RA patients are known to have a 2- to 4-fold higher incidence of malignant lymphoma as a complication than the general population [4]. Although MTX is used as a first-line treatment for patients with RA, it carries a risk of LPD [2]. When LPD occurs, biologics are often used in the RA patients as an alternative to MTX [5]. LPD, including malignant lymphoma, has been found to occur in RA patients receiving MTX, and this is termed MTX-LPD. The WHO classifies it as immunodeficiency-associated LPD. EBV infection is said to be a complication in about half of MTX-LPD cases, and EBV reactivation has been implicated [6,7,8]. It is thought that the EBV gene releases factors similar to growth factors, transcription factors, and apoptosis inhibitors, causing B lymphocytes to transform into lymphoblasts, exhibiting tumor-like growth [9]. The most common sites of MTX-LPD are lymph nodes [10] and tonsils [11], but thyroid [12], lung [13], liver [14], and colon lesions [15] have also been reported.

Imaging modalities, such as US and CT, can aid the diagnosis of hepatic lymphoma/MTX-LPD. A previous report has indicated that penetrating vessels running through the tumor visualized by US was helpful for diagnosis of hepatic lymphoma [16]. In the present case, penetrating vessels running through the tumor were detected by CT scan.
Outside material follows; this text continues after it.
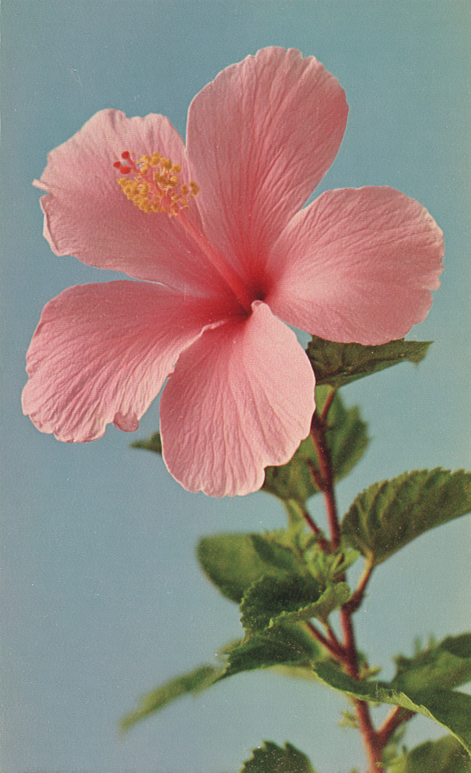 Close-up of a pink hibiscus flower with a vivid stamen against a light blue background, the vibrant hues conveying tranquility.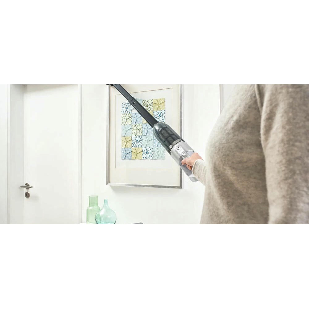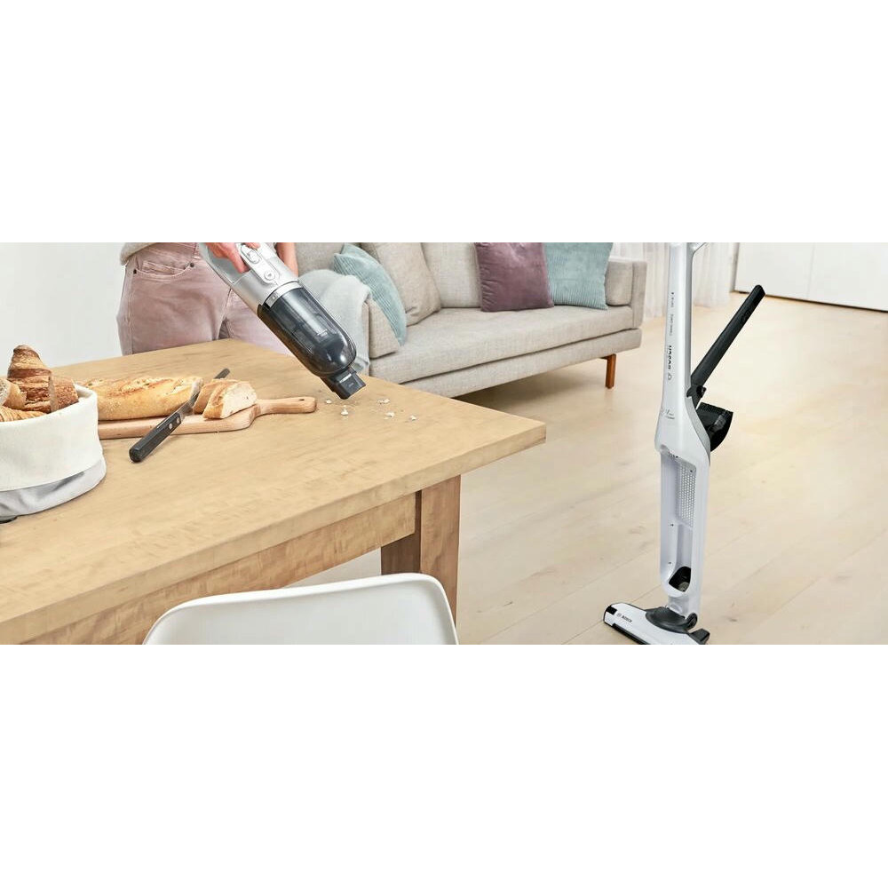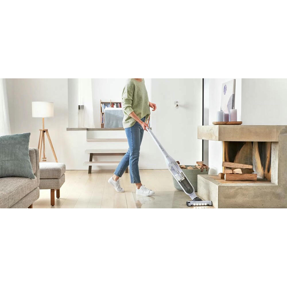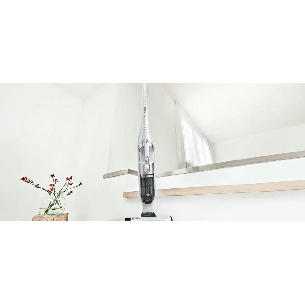 Пылесос Bosch BBH3ALL28 — это удобная модель в эксплуатации, выполненная в черно-серебристом цвете. Она не займет у вас много места в помещении, поскольку ее габариты небольшие: высота — 115 см, ширина — 26,5 см, глубина — 18 см. Это вертикальная техника, обладающая сухим типом уборки. Аккумулятор может работать от Li-ion или Ni-Mh элементов питания до 60 минут. За это время вы легко сможете сделать легкую и быструю, но при этом качественную уборку. Модель удобна лежит в руке, поэтому не стоит переживать о неудобстве. Время подзарядки — до 5 часов (100% заряда).

The evidence suggests that MTX-LPD should be considered in RA patients who are receiving MTX medications when CT or US shows a hepatic mass with signs of penetrating vessels.

A search of PubMed using the terms “MTX-LPD” and “hepatic”, or “MTX-LPD” and “liver”, yielded 12 available studies published in English between 2000 and 2022 [10, 14, 17,18,19,20,21,22,23,24,25,26]. In all cases the patients had been treated with immunosuppressants such as MTX, steroids, infliximab, and tacrolimus. All had taken MTX for more than 24 months, and the median total dose of MTX was 1932 mg (960–6000 mg). Ten patients showed reactivation of EBV. The present patient had taken MTX for 24 months (total dose, 960 mg) and also showed reactivation of EBV. MTX-LPD involving the liver along with other parenchymal organs must be differentiated from cancer metastasis. As shown in Table 2, five patients with hepatic MTX-LPD accompanied by other parenchymal organ lesions involvement of the adrenal gland (n = 2), multiple lymph nodes (n = 1), spleen (n = 1), and colon (n = 1, this case).

In the listed MTX-LPD, DLBCL type cases (n = 8), MTX was discontinued and three of the patients achieved complete remission. Three additional patients achieved complete remission with chemotherapy. Two patients were treated by partial hepatectomy and had no recurrence. Two patients with MTX-LPD, Hodgkin lymphoma type, also stopped using MTX. One of them suffered relapse even after withdrawal of MTX, and the other underwent partial hepatectomy and had no recurrence. Our present patient achieved complete remission after MTX had been withdrawn. These findings suggest that immediate withdrawal of MTX is recommended for patients with hepatic MTX-LPD, DLBCL type. Our patient had two lesions; these may have been concurrent, or one may have been due to metastasis from the colon to the liver. Because of the multiple lymph node metastases and the histological similarities of the lesions, the possibility that the colon lesion had metastasized to the liver could not be ruled out. To our knowledge, this is the first case of MTX-LPD involving both the liver and colon to have been reported in English.